Summary of Tips and Tricks-Pitfalls

• Careful assessment of the CT scan is essential to diagnose impaction injuries.

• Good inspection of the joint prior to fixation of the posterior wall fracture is needed to remove any loose fragments that may be present.

• When there is a PC and PW fracture, reconstruction of the posterior column should take place first.

• The posterior wall plate should be curved adequately to buttress the wall area close to the posterior-superior acetabulum dome.

• Throughout the procedure, care should be taken to avoid injury to the sciatic nerve.

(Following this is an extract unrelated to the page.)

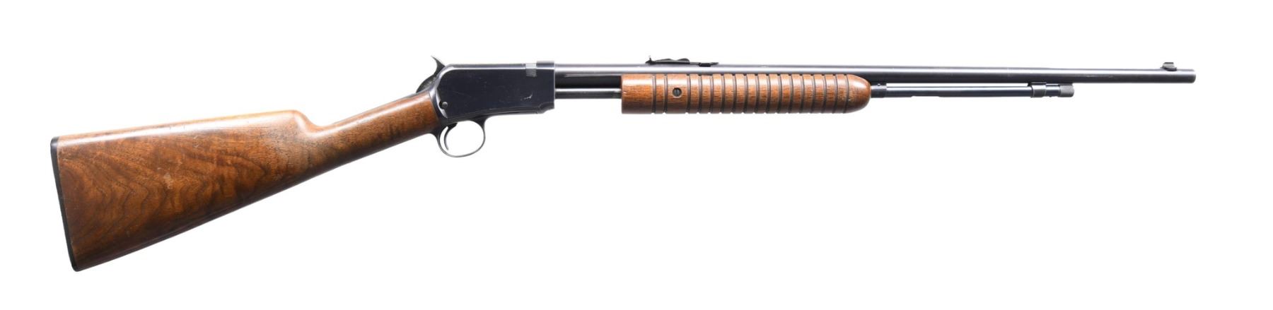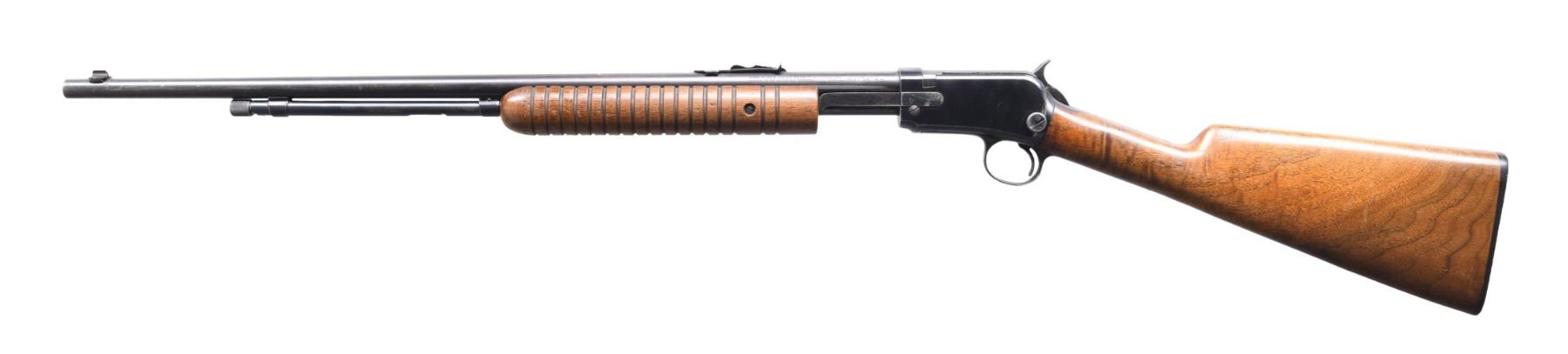 Cal. 22 S, L, LR. S# 104070. Bbl. 23". Model 62A slide action rifle mfg. by Winchester in 1940. Left side of the bbl. exhibits markings stipulating Winchester's mfg. information, as well as the model and cal. designations. Metal components exhibit a blue finish overall. Plain wood straight grip buttstock with grooved wood forend. White beaded Lyman blade front sight, with U-notch rear sight. Matching numbers are present on the upper and lower assemblies. CONDITION: metal components retain the majority of their original factory blue finish, exhibiting areas of wear and thinning, some superficial handling marks, as well as a few areas of light surface oxidation overall. Mirror bore, exhibiting strong rifling throughout. Wood furniture shows some scattered marks and minor impressions from handling and storage, but otherwise remains sturdy and serviceable. (24-5716/MLW). CURIO. $500-800.

• Lag screws from the PW to the PC should be inserted carefully to avoid intra-articular penetration.

• In high transverse, T-type and superior acetabular fractures, a trochanteric osteotomy with an anterior surgical hip dislocation can enlarge the access area of the Kocher-Langenbeck approach offering exposure to the superior and anterior aspect of the acetabulum (sparing the need for an additional ilioinguinal approach).